All of these poor sanitation practices, combined with shallow aquifers and fractured rocks, result in widespread contamination, either through runoff and/or infiltration of polluted effluents, of the country's ground and surface water resources.

== Solutions ==

Addressing water pollution in Haiti requires a multifaceted approach that considers both immediate interventions and long-term solutions. Here are several strategies that can help curb water pollution in Haiti:

1. Improving Sanitation Infrastructure: Promoting the construction and maintenance of proper sanitation facilities such as toilets and sewage treatment systems can prevent untreated sewage from contaminating water sources.
2. Implementing Waste Management Practices: Establishing effective waste collection and disposal systems to reduce plastic and solid waste pollution in rivers, lakes, and coastal waters.
3. Promoting Sustainable Agriculture: Encouraging the adoption of organic farming practices and reducing the use of chemical fertilizers and pesticides to minimize agricultural runoff into water bodies.
4. Protecting Watershed Areas: Implementing measures to protect and restore critical watershed areas through reforestation and erosion control to prevent sedimentation and runoff pollution.
5. Educating Communities: Conducting educational campaigns to raise awareness about the importance of clean water, proper waste disposal, and hygiene practices among communities.
6. Regulating Industrial Discharges: Enforcing regulations on industrial wastewater discharge to ensure that pollutants from factories and industries do not contaminate water sources.
7. Investing in Water Treatment Technologies: Installing and maintaining water treatment facilities to improve access to clean and safe drinking water for communities.
8. Collaborating with International Organizations: Partnering with international organizations and NGOs to provide technical expertise, funding, and resources for water pollution control projects.

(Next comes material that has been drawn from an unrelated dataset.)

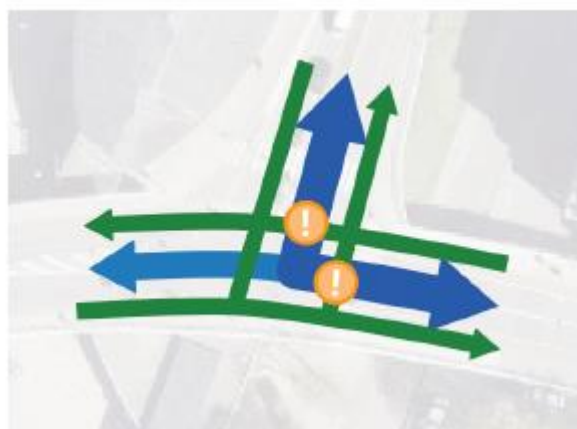
Afbeelding 3.3: Routes en conflicten op kruispunt Wilhelminasingel - Franciscus Romanusweg

Een twee-richtingen fietspad zorgt voor een overzichtelijke inrichting van het kruispunt Wilhelminasingel – Franciscus Romanusweg. Hierdoor kunnen de belangrijkste knelpunten tussen doorgaande fietsers en afslaand gemotoriseerd verkeer worden opgelost. Op dit kruispunt nemen mensen risico's. Dit komt doordat de meeste fietsers van Wilhelminasingel naar Wilhelminabrug en omgekeerd rijden, en van de Wilhelminabrug naar de Franciscus Romanusweg en omgekeerd, terwijl het gemotoriseerde verkeer afslaait van de Wilhelminasingel naar de Franciscus Romanusweg. De afbeelding hiernaast illustreert dit: de groene lijnen zijn fietsroutes, de blauwe lijnen gemotoriseerd verkeer en de cirkels met de uitroeptekens tonen de rijrichtingen die conflicteren met elkaar en die ervoor zorgen dat verkeer op elkaar moet wachten. Fietsers van Wilhelminasingel naar Wilhelminabrug hebben

== Quality of water resources ==
No recent survey has been carried out at the national level on the quality of water used daily by the population. However, according to a survey carried out in April 2012 in the Department of Artibonite, out of 108 sources tested for water quality, 2/3 of them presented traces of E. Coli (Escherichia coli) and 25.9%. had a concentration of more than 100 MPN/100mL which is very high-risk levels for human health.

Other studies carried out in the three main cities of the country, namely Port-au-Prince, Cap-Haïtien and Les Cayes, have shown the presence of microorganisms such as Giardia and Cryptosporidium at levels dangerous for the population. Indeed, values of 4 to 1274 cryptosporidium oocysts and 741 to 6088 Cryptosporidium oocysts were found in Port-au-Prince and Cap-Haïtien, in waters intended for use by the population.

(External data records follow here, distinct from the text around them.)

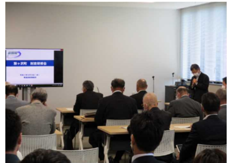
地方財政研修会風景

公共施設の維持管理費増大への危惧に加え、新型コロナウイルス感染症への対応による財政出動など、財政上の諸課題に直面している地方公共団体に「地方財政研修会」を通じたサポートに取り組んでいます。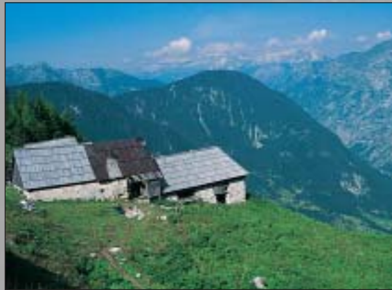
Alm Za skalo

Trenta-Museum: Ethnologisches Kulturerbe, kulturelle und historische Überlieferung des Trentatals Rekonstruktion eines Hauses im Trentatal (Wohnkultur) und einer Schafalm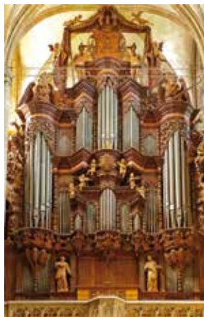
Eule-orgel in de Dom van Halberstadt.

een orgelkalender uit, met op elk blad een mooie orgelfoto en op de achterzijde een uitvoerige beschrijving ervan. Bij deze kalender hoort een CD met muziek van alle twaalf orgel, bij elkaar 75 minuten. De eerste foto in 2017 toont het Eule-orgel in de Dom van Halberstadt - Saksen-Anhalt. De vaste organist laat een enthousiaste improvisatie horen over Joshua fit the battle of Jericho . De trompet erbij maakt er een spetterend geheel van. Daarna klinkt het orgel uit de Dom van Havelberg met Bach en dat uit de Dom van Hildesheim met Reger. Verder zijn nog opnamen te horen uit de jaargangen 2011 en 2013.

The presence of these microorganisms in Haiti's waters is a marker of faecal contamination.

== Related diseases ==
Water-borne diseases such as diarrhea, cholera, cryptosporidiosis, among others, are very common in the country. In this sense, they present a high health risk for the most vulnerable.

Easily catchable diseases, such as diarrhea and those resulting in malnutrition, kill between 20% and 28% of children aged 0 to 5, respectively. Cryptosporidiosis is a common cause of diarrhea in Haiti. It is responsible for 17.5% of acute diarrhea affecting children under 2 years old and 30% of chronic diarrhea affecting people with HIV.

Between October 2010 and February 2019, an epidemic of cholera introduced by Nepalese soldiers caused the death of nearly 10,000 people and infected more than 820,000. Only, to find a resurgence in October 2022 which have already affected 4 department in the country, with a total of 6,814 suspected cases of which 5,628 have been hospitalized and cause 144 deaths as of 6 November 2022.